The openset classification challenge uses synthetic object images rendered from CAD models as the training domain and real object images cropped from the COCO dataset as the validation domain.
By downloading these datasets you agree to the following terms:
- You will use the data only for non-commercial research and educational purposes.
- You will NOT distribute the images.
- The organizers make no representations or warranties regarding the data, including but not limited to warranties of non-infringement or fitness for a particular purpose.
- You accept full responsibility for your use of the data.

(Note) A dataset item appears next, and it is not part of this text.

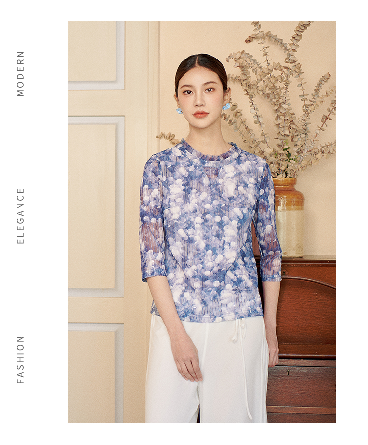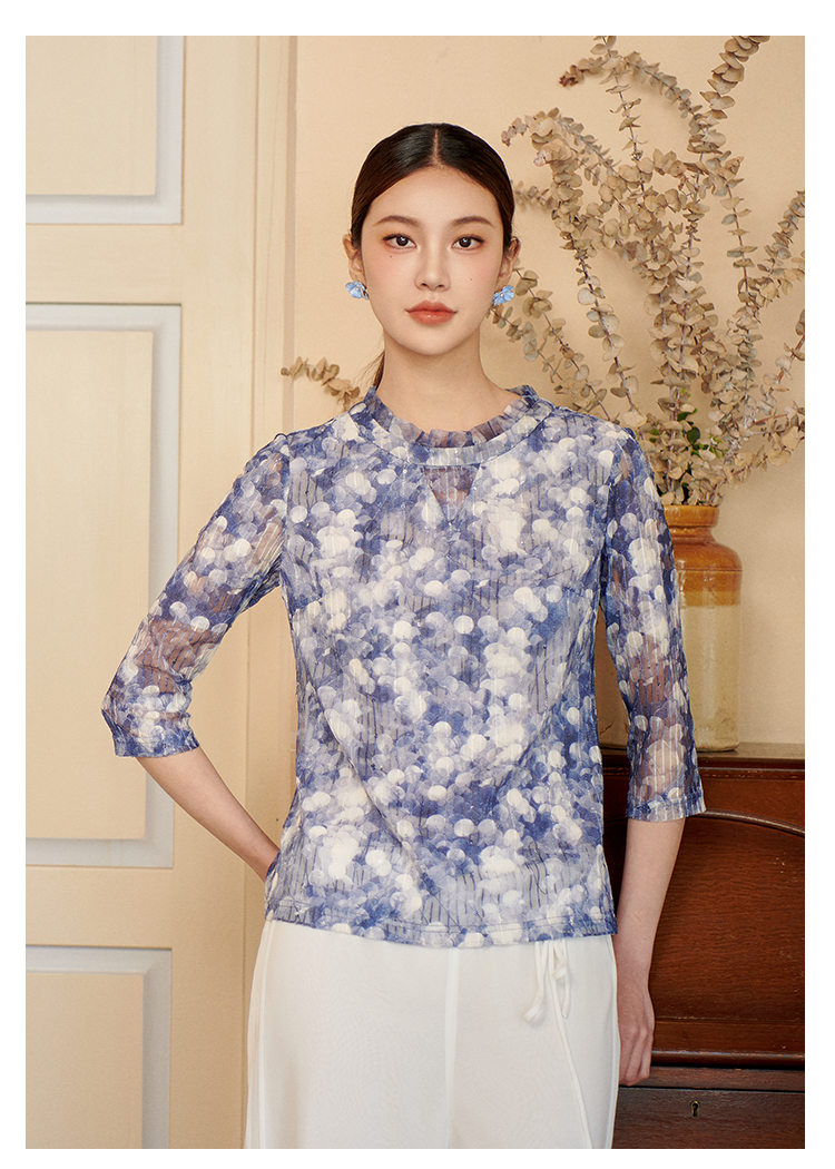 佐尔美秋季新款气质七分袖长袖衬衣女M41CC02
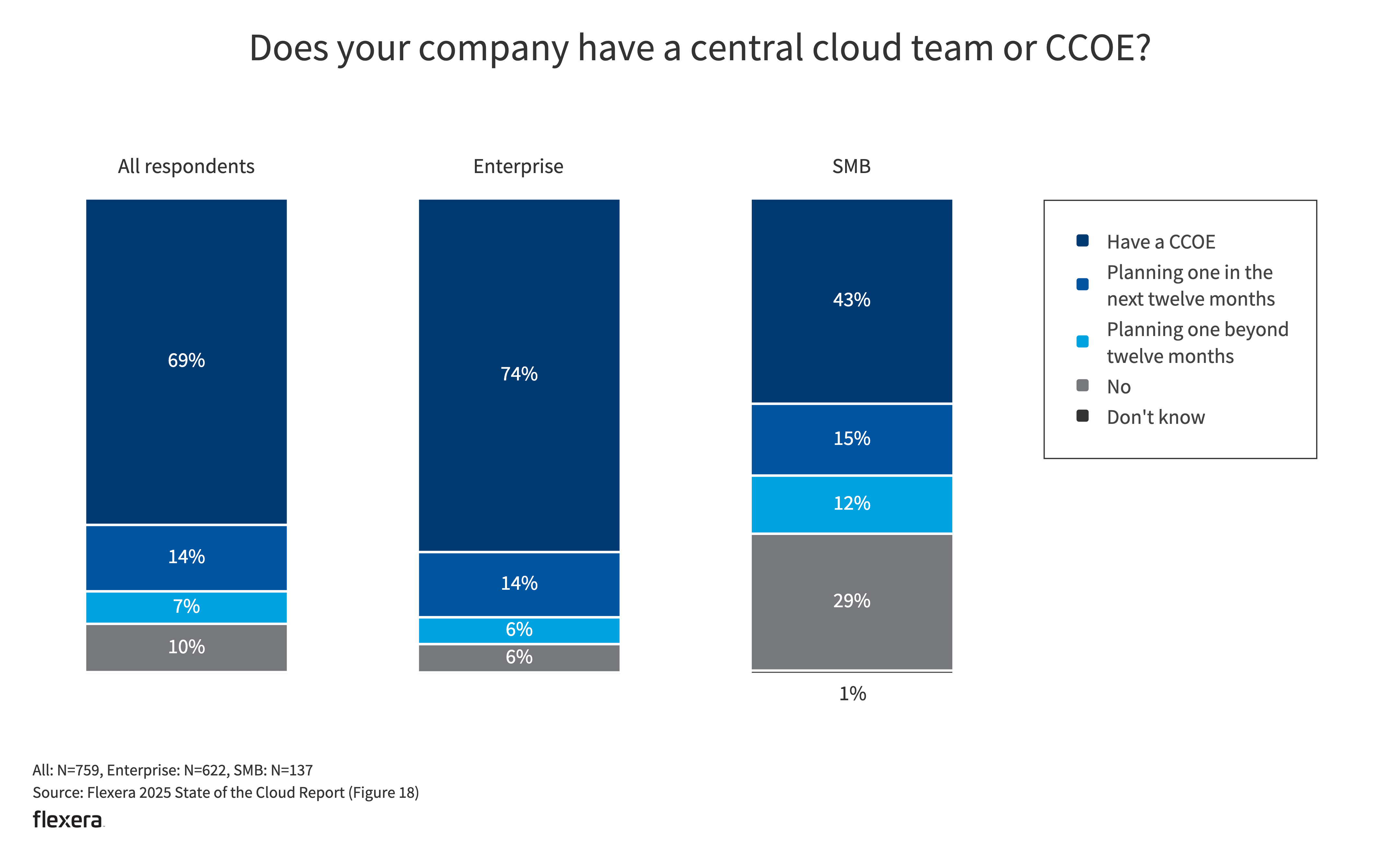 The presence of a cloud center of excellence (CCOE) increased this year by 6 percentage points. SMBs’ usage (43%) of a CCOE is significantly less than enterprises’ (74%), but it was still a 14 percentage point increase compared to last year’s findings. These numbers are expected to continue to increase as FinOps gains traction across the cloud user community.

You can download the datasets with
wget http://csr.bu.edu/ftp/visda/2018/openset/train.tar
tar xvf train.tar
wget http://csr.bu.edu/ftp/visda/2018/openset/validation.tar
tar xvf validation.tar
wget http://csr.bu.edu/ftp/visda/2018/openset/test.tar
tar xvf test.tar
Train/val images are structured in folders as
{split}/{category}/{object_id}.jpg
Test images are structured as
test/{trunk_id}/{md5_of_file}.jpg
with a single image_list.txt
file in the root or each dataset that lists all images and corresponding labels for train/val subset. For test data, only images are provided.
To evaluate the performance of your adaptation model, you should:
- Train your model with training data (with labels) and adapt it on the validation data (without labels).
- Predict labels for images in the validation set. The results file should follow the format of one category ID prediction per line, in the order of images provided by
image_list.txt
. Please see a sample submission file here. - Calculate the mean accuracies for each category and the overall mean of these accuracies. We have provided the evaluation script used by our server (eval.py) so that you may evaluate your results offline. You are encouraged to upload your results to the evaluation server to compare your performance with that of other participants.
The category IDs are as follows:
0 – aeroplane
1 – bicycle
2 – bus
3 – car
4 – horse
5 – knife
6 – motorcycle
7 – person
8 – plant
9 – skateboard
10 – train
11 – truck
12 – unknown (background class)
Submissions will be evaluated by calculating the classification accuracy of each category and then the mean accuracy across all categories (i.e. known and unknown). The leaderboard on CodaLab will display all of these scores, and the official ranking will be determined by the mean classification accuracy across all categories.
We are using CodaLab to evaluate results and host the leaderboards for this challenge. You can find the image classification competition here. There are two competition leaderboards: the main leaderboard shows results of adapted models and will be used to determine the final team ranks. The expanded leaderboard additionally shows the team's source-only models, i.e. those trained only on the source domain without any adaptation. These results are useful for estimating how much the method improves upon its source-only model, but will not be used to determine team ranks.
Once the servers become available, you will be able to submit your results:
- Generate "source_results.txt" and "adaptation_results.txt".
- Place these files into a zip file named [team_name]_submission
- Submit to the CodaLab evaluation server following the instructions below
To submit your zipped result file to the appropriate VisDA Classification challenge click on the “Participate” tab. Select the phase (validation or testing). Select “Submit / View Results, fill in the required fields and click “Submit”. A pop-up will prompt you to select the results zip file for upload. After the file is uploaded, the evaluation server will begin processing. This might take some time. To view the status of your submission please select “Refresh Status”. If the status of your submission is “Failed” please check your file is named correctly and has the right format. You may refer to the scoring output and error logs for more details.
After you submit your results to the evaluation server, you can control whether your results are publicly posted to the CodaLab leaderboard. To toggle the public visibility of your results please select either “post to leaderboard” or “remove from leaderboard.”
If you find any bugs please open an issue.